A wave of guilt rippled through me. Of course, given what I saw in the queen’s temple, I still had loads of questions about how my mother and I were connected to Avalon. I’d asked Father about it more than once over these last two weeks, but he always just shrugged and seemed to grow sad. No, now was not the proper time to ask him again. Besides, I was beginning to have doubts about giving Cleona my egg.
“Begging your pardon, sir,” I said as I sat back down. “But I should probably tell you that I gave Cleona Moral’s egg.” Father’s face dropped in shock. “On Lorcan’s behalf,” I added quickly. “To cheer her up.”
“Did the Gallownog put you up to this before he died?” Father asked.
“Why no, sir. I done it on my own.” Father gazed out over the water and quickly became lost in thought. “Please don’t be cross with me, sir,” I said after a long silence. “I only done it—did it, I mean—to make Cleona happy.”
“You misunderstand me,” Father said quietly. “Before he died, Dalach confided in me about what he saw when he returned to the temple a second time. It seems the tiles had formed a picture of Cleona holding Moral’s egg.”

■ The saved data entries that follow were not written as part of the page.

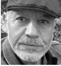
Par Abderrahman El Fouladi

V ous l'aviez sans doute remarqué : Depuis le début de 2020, la forêt des problèmes climatiques a tout-à-coup disparu,
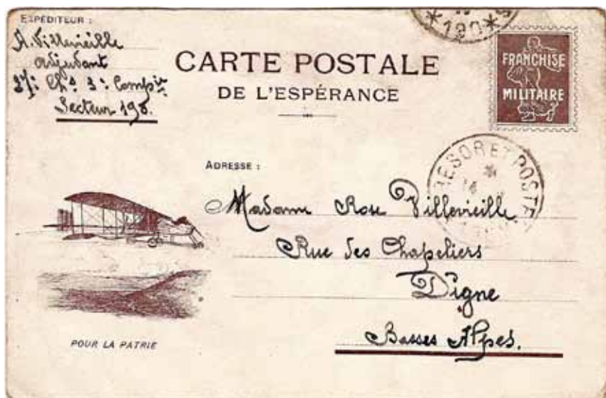
Carte postale avec franchise militaire
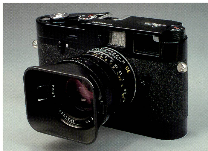
Das 35mm-Weitwinkelobjektiv ist ein Klassiker und war schon bei Cartier-Bresson und anderen Magnum-Fotografen beliebt.

Und ist der Kontrastumfang zu gross, muss man sich entscheiden, wo noch volle Zeichnung gewünscht ist. Allenfalls helfen auch andere Tricks weiter; den Bildausschnitt verändern beispielsweise oder, wenn in Schwarzweiss fotografiert wird, könnte der Film vorbelichtet werden, um den Kontrastumfang etwas zu reduzieren.
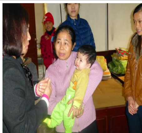
Khi cha mẹ các em toan tính loại bỏ - Lại có những những tâm hồn cao thượng tận tình thương cứu
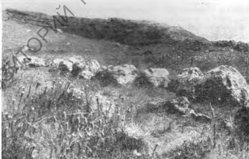
Рис. 3. Стена-ограда вокруг Большого холма

На плато, вдоль его восточного края, тянется другая стена, сложенная из таких же огромных, почти необработанных камней местной породы. С внутренней стороны
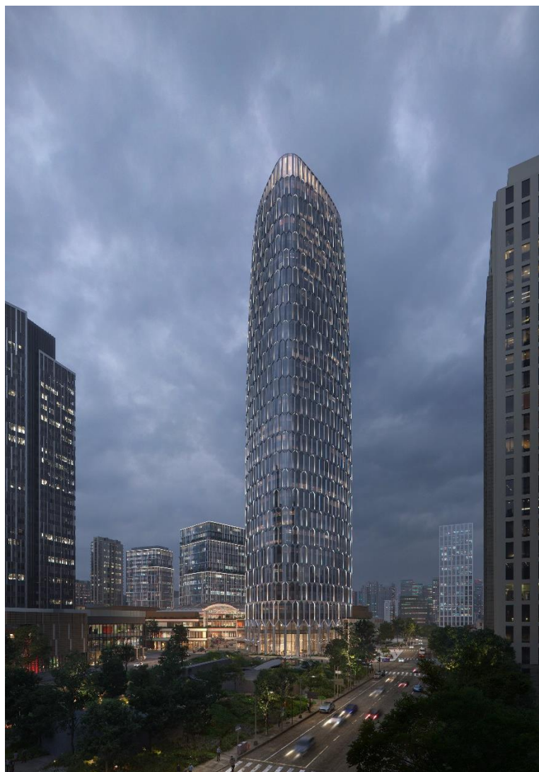
(太平洋新天地 T1 大厦效果图)

享有核心区位、通达四方绝佳地理位置的太平洋新天地 T1 大厦，是城市核心区内近年来稀缺的高端办公供应，步行距离即可到达周边 4 个地铁站，与轨道交通 1、8、10、13、14 号线融会贯通，毗邻南北高架路和延安高架路，10 分钟畅达各大核心商圈，实现高效出行。
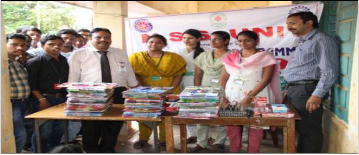
NSS Program Officer and NSS Volunteers with Exam Kits

“Cor,” I gasped. “But what could it mean, sir?”
“Only time will tell, I’m afraid. And thus, although our Aquaticum appears to be over, I suspect our business with the Avalonians is not.”

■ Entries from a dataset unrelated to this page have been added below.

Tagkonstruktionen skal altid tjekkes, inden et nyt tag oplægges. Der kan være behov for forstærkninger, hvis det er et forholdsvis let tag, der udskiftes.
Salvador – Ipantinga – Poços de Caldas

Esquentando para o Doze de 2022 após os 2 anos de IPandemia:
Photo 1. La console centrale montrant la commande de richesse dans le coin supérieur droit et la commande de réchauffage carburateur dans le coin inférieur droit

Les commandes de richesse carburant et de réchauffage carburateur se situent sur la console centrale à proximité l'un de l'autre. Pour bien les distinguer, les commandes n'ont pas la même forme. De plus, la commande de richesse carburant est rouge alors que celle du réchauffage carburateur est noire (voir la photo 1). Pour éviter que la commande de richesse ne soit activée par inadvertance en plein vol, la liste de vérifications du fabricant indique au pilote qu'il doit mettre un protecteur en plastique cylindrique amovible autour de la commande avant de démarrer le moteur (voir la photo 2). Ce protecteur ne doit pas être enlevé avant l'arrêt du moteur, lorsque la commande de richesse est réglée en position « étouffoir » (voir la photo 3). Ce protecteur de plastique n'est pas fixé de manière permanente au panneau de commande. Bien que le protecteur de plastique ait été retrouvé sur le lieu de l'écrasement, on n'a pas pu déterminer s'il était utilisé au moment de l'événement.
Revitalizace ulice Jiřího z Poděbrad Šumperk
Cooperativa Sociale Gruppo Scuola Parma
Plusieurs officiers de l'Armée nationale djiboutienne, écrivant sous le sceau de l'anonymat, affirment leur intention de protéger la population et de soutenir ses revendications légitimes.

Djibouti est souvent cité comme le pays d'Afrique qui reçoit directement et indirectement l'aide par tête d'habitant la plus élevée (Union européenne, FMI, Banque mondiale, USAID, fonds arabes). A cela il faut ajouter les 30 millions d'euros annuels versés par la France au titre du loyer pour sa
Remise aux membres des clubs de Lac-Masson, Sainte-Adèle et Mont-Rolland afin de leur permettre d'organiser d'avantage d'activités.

Father and I pondered this a long time. An owl hooted in the distance, a nightingale began twittering onshore, and then the frigid wind joined them, whistling along with their twilight song. I shivered.

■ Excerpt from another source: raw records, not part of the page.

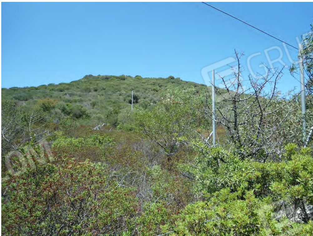
Foto n.30 – Scorcio dalla S.P. 73 del terreno di cui al foglio 18 particella 302
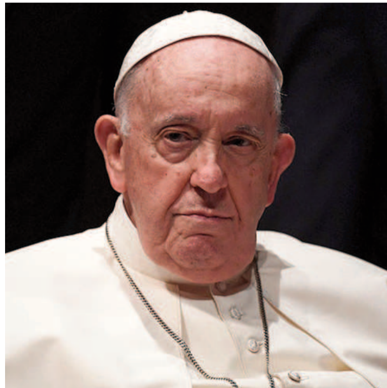
El papa Francisco presentó una lenta recuperación.

que tienen las mujeres para ayudar a los demás, Francisco hizo referencia al aborto, que siempre ha negado y calificado a veces como un crimen, aunque es un derecho que reivindican las mujeres de muchos países del mundo.
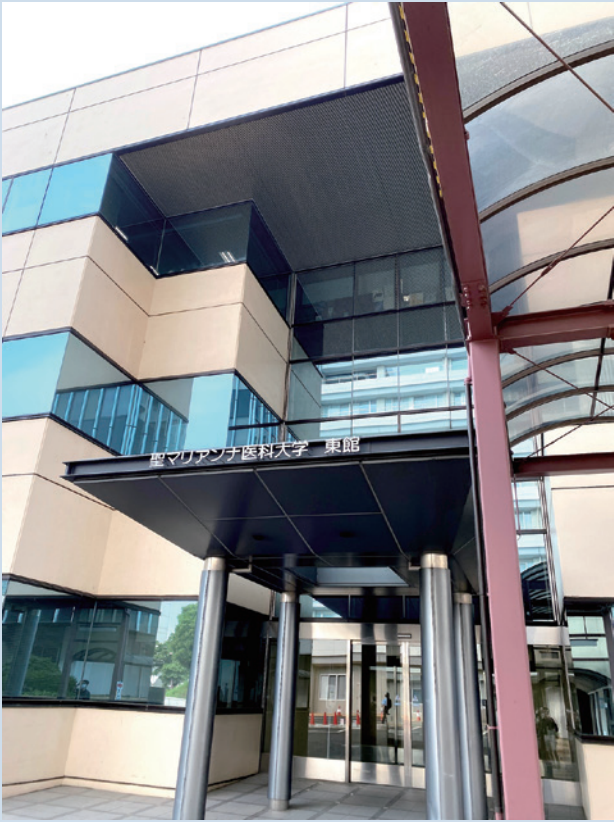
圖二：神外醫局所在的大樓

的論文，不僅有美如畫的手術步驟講解 MSLP、當然還提供了實際數據來驗證這個方法對病人術後的頸部活動度、肌肉保留程度與脊椎排列穩定度的影響。我手裡繼續翻著作者親印給我的論文，一邊對照眼前 table 上的手術步驟，頓時感到一種，站在歷史巨流裡的沁然。我想起主任當時對我說的“ Oh! You know Hirabayashi! ”不免讓人有小小的成就感！
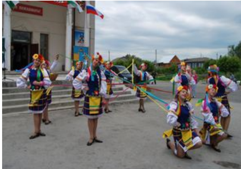
Районный дом культуры. Танцует «Вектор»
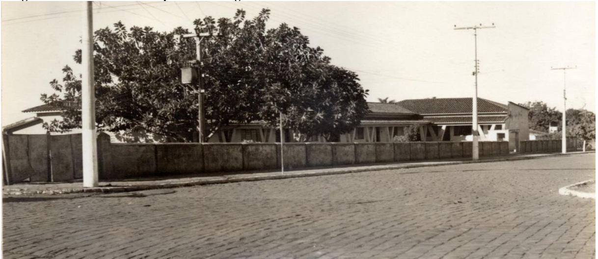
Imagem 4 - Primeiro modelo arquitetônico do ginásio - frente
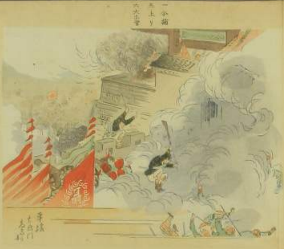
一 分捕 二 上り 三 大正堂 四 豊島
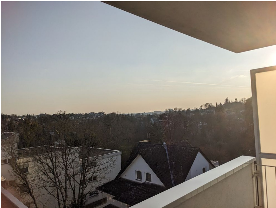
Balkon Richtung Kurpark
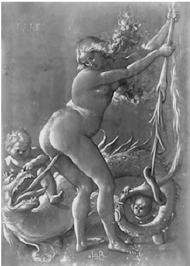
Ил. 5. “Ведьма и дракон”. Гравюра. Hans Baldung Grien. “Witch and Dragon”, 1515

одета. (ил. 7). Можно утверждать, что и в этом случае авторы гравюр, скорее, следуют памфлетному нарративу. Иллюстрации отражают типичное описание ведьмы, удачно сформулированное Реджинальдом Скотом, очевидцем событий знаменитого Сент-Осайтского процесса: “К [...] ведьмам относятся женщины, как правило, старые, хромые, туповатые, бледные, морщинистые, грязные, мрачные, заблуждающиеся в папистской либо вообще не знающие никакой религии... Они – тощие и обезображенные, на их лицах постоянно лежит печать меланхолии, повергающая в ужас всех окружающих. Они – слабоумные, ворчливые, безум-
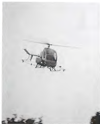
空中散布の実施風景

今後も当倶楽部におきましては、春、秋の農薬使用量の多い時期を選定し、水質検査を実施していくとともに、4名の「ゴルフ場農薬適正使用士」を中心に常に指導要綱に沿った農薬使用を行い、プレーヤーはもとより、地域住民の方々にも安心していただける万全の維持管理を行っていく所存です。
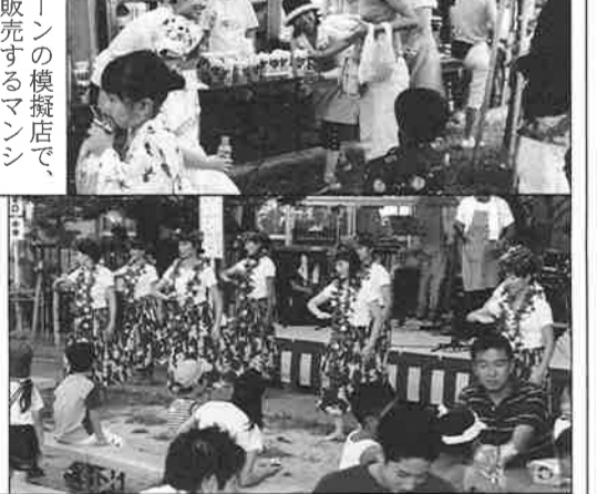
ポップコーンの模擬店で、笑顔で販売するマンシヨン町内会の皆さん。 児童館から人気のフラ
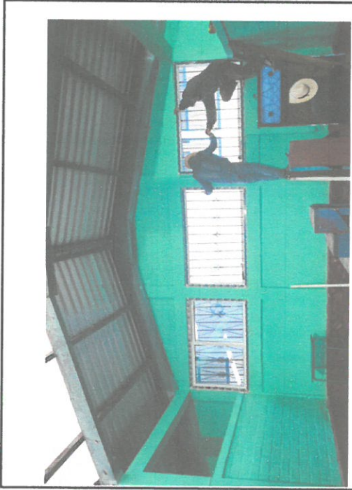
Foto1: Sustitución de marcos de madera por marcos de PVC. Sustitución de vidrios lisos por vidrios reflectivos.
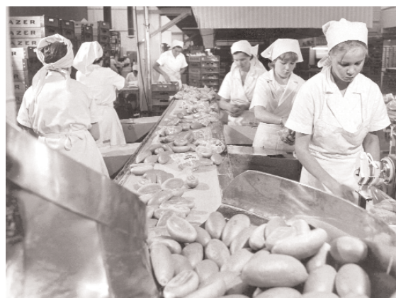
Archivbild von der Brötchenproduktion.

“Begging your pardon, sir,” I said, rubbing my hands together, “but now that we’ve returned Excalibur, shouldn’t we be getting back to the Odditorium?”
“Not yet. We’ve still got your lesson.”
Father lit a lamp, hung it alongside the buggy’s windshield, and then retrieved a pair of fishing poles from the backseat. He handed one to me, and my insides swelled with excitement. Father quickly checked our lures, showed me how to cast my line, and then, with the last of the afternoon light quickly fading, we watched our floats disappear amidst the blackened water. A fish splashed somewhere close by, but when I asked Father what I should do if I caught one, he shrugged, and with a smile said:
“Why, give it back, of course.”
Alistair Grim’s eyes twinkled in the lamplight, and the nub of his lesson came clear. There was more magic in moments like these than in anything at his Odditorium. For even though the wind was blowing quite fiercely now, I wasn’t cold at all.
If the odd was the ordinary at Alistair Grim’s, then I suppose it came as no surprise that I should find magic in the most unexpected of places: on a lake in the middle of nowhere, fishing with my father. Such magic, I learned, was more powerful than anything Abel Wortley could dish out.
And yet, the old devil had certainly dished my family a lot of sorrow, much of it dating back to before I was born. I just knew in my heart that he’d had something to do with Mother’s flight from London. But as all that was still a mystery, there was no use in speculating myself silly about it. We had other problems, and soon I would learn just how important—and how magical—my gift of Moral’s egg truly was.